Almost a third of Americans are obese, according to the Centers for Disease Control and Prevention. Obesity not only affects quality of life, but it also increases your risk of experiencing heart disease and diabetes, along with some types of cancers, and ultimately, early death.
Besides these things, obesity also costs you more. All the extra pounds translate into higher insurance rates.
Being heavy costs you — on average, obese individuals pay almost twice as much for insurance than individuals of normal weight.
Overweight individuals pay more, but certainly less than obese individuals — life insurance companies distinguish between obese people and those who are carrying only a few additional pounds. If you are an overweight man, you will pay approximately $11 more per year than a person who has a healthy weight for a 20-year, $500,000 term life insurance policy.
If you are an overweight woman, expect to pay $21 more annually than a woman of normal weight for the same type of insurance policy.
Being underweight is also costly — higher rates aren’t only associated with being overweight or obese. If you are underweight, you will probably pay around $100 more every year for the same life insurance policy as an individual whose weight is in the normal range.
Body Mass Index
What exactly is “overweight”? Insurers and healthcare providers use the body mass index (BMI) to determine whether a person is underweight, normal, overweight or obese.
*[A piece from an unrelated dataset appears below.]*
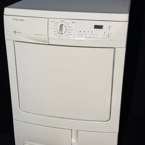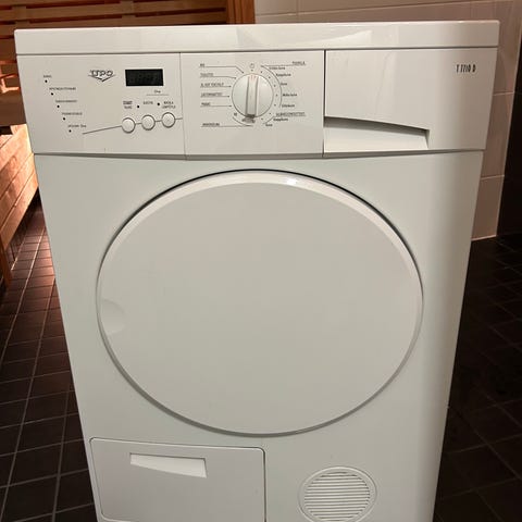 Varaosiksi otsikon kuivausrumpu, rummun toinen kannatinpyörä rikki (ei saa enää varaosana), muuten kunnossa oleva laite.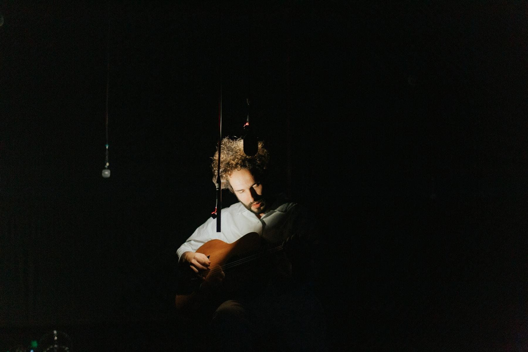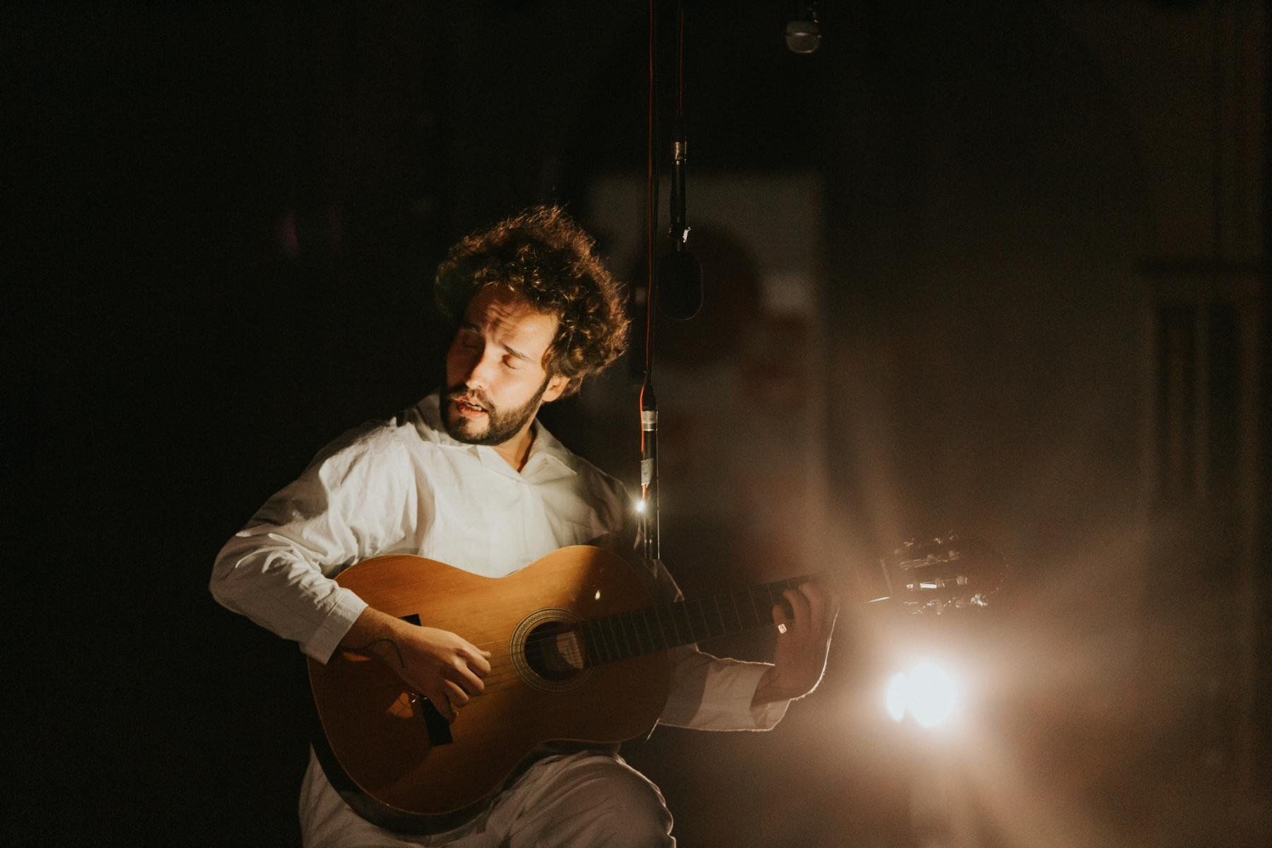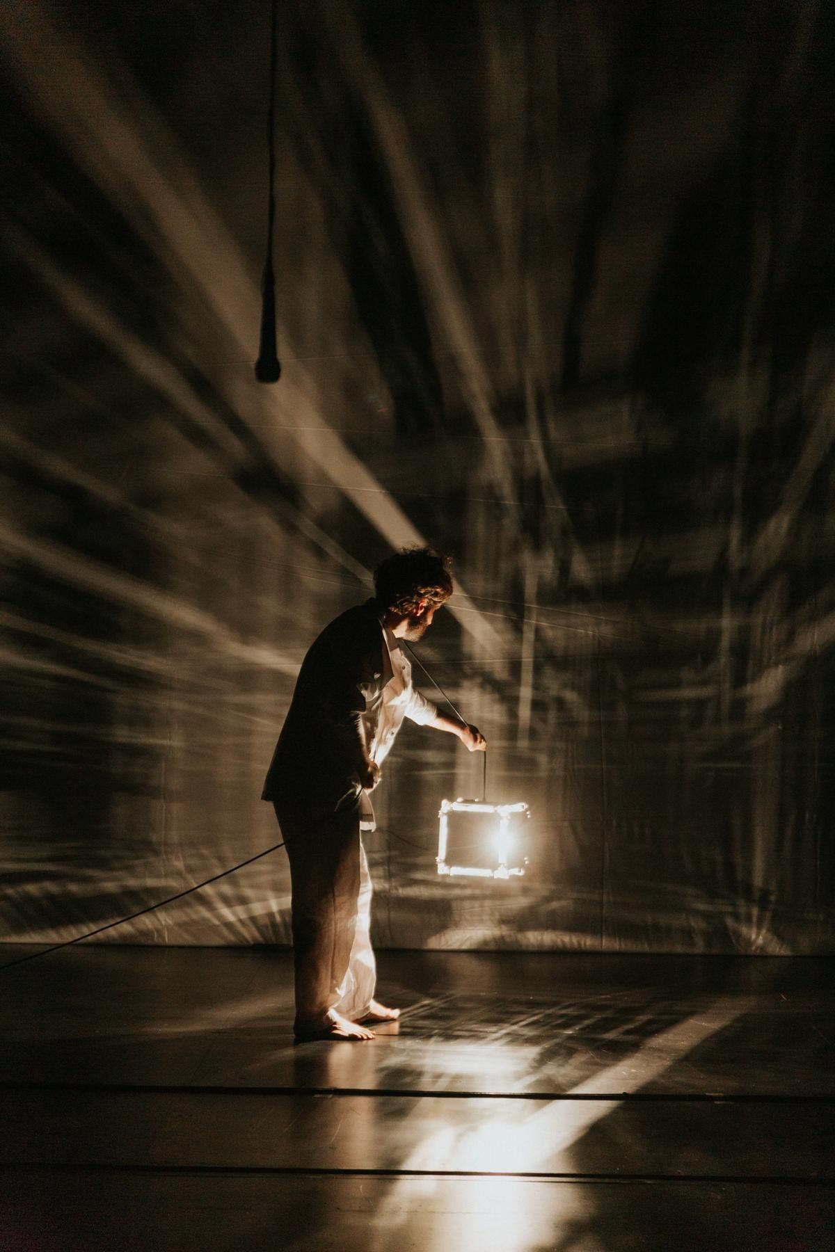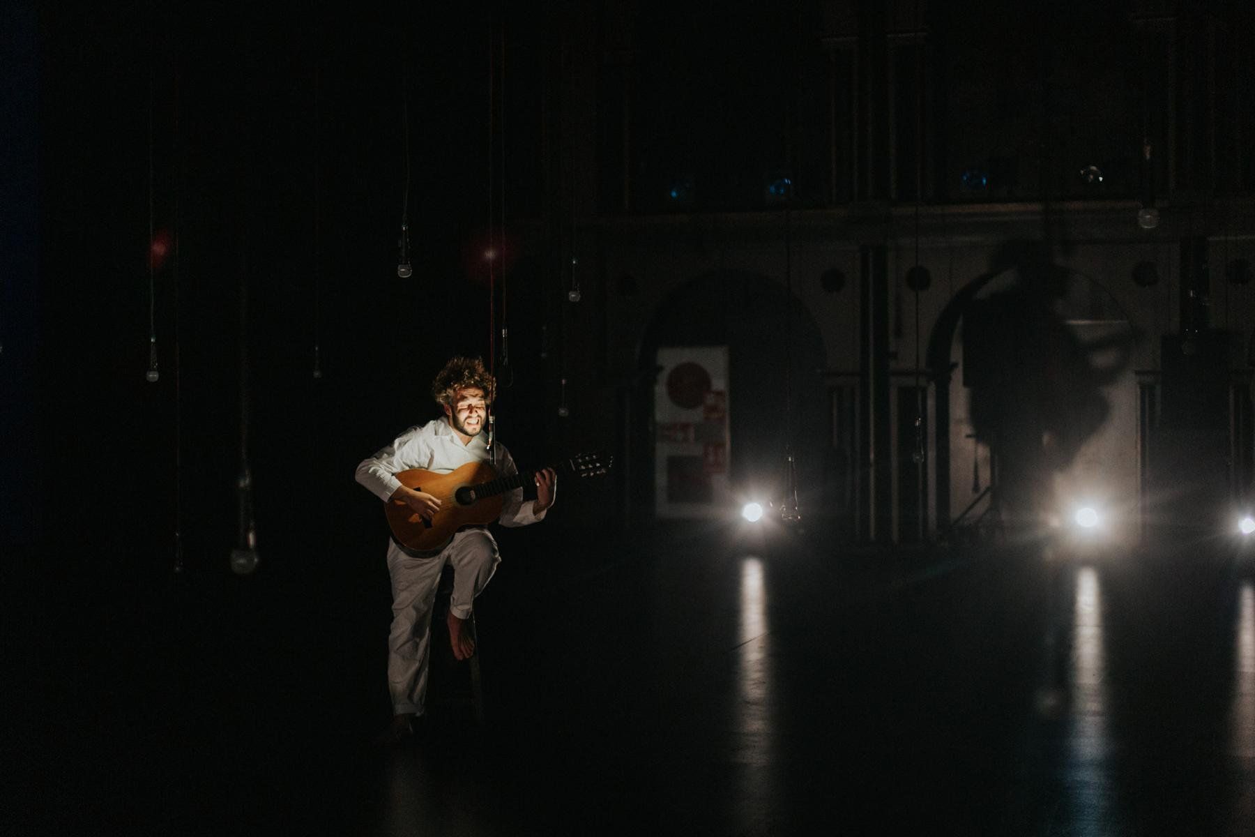 Esta obra, una perla de luz y de sombra, quedará en la retina de los asistentes por mucho tiempo. El escenario lleno de micrófonos que durante la pieza se transformaron dinámicamente en luciérnagas, explosiones, chispas, pasillos flotantes, cargados con la sensibilidad y la potencia indescifrable de Adriano que activaba regiones del cerebro que sólo permitían el goce. En él se exponen diferentes anécdotas y reflexiones sobre la alteración de la consciencia generando un recorrido casi íntimo por su manera de percibir y habitar la creación, el arte y el artista, la obra y la vida. Historias, un cuerpo en juego y dos canciones casi susurradas fueron solo un poco de lo que puedo mencionar que allí nos ofrecieron. Lo demás, hay que vivirlo.

To calculate your BMI, divide your weight in kilograms by the square of your height in meters. The BMI cannot diagnose the fatness or health of an individual. In fact, very muscular people can also have a high BMI. The BMI simply provides a simple method to screen people for weight categories that could lead to health problems. Here are BMI scores for each category:
- Underweight – Less than 18.5
- Healthy weight – 18.5 to 24.9
- Overweight – 25 to 29.9
- Obese – 30 or more
Life Insurance Rates
Life insurance rates are based on your life expectancy. This is precisely why obese individuals (both men and women) pay higher premiums. If you gain weight after buying life insurance, your rate will not change. The insurance company cannot raise the premium if you gain weight, even if you develop health problems resulting from the weight gain.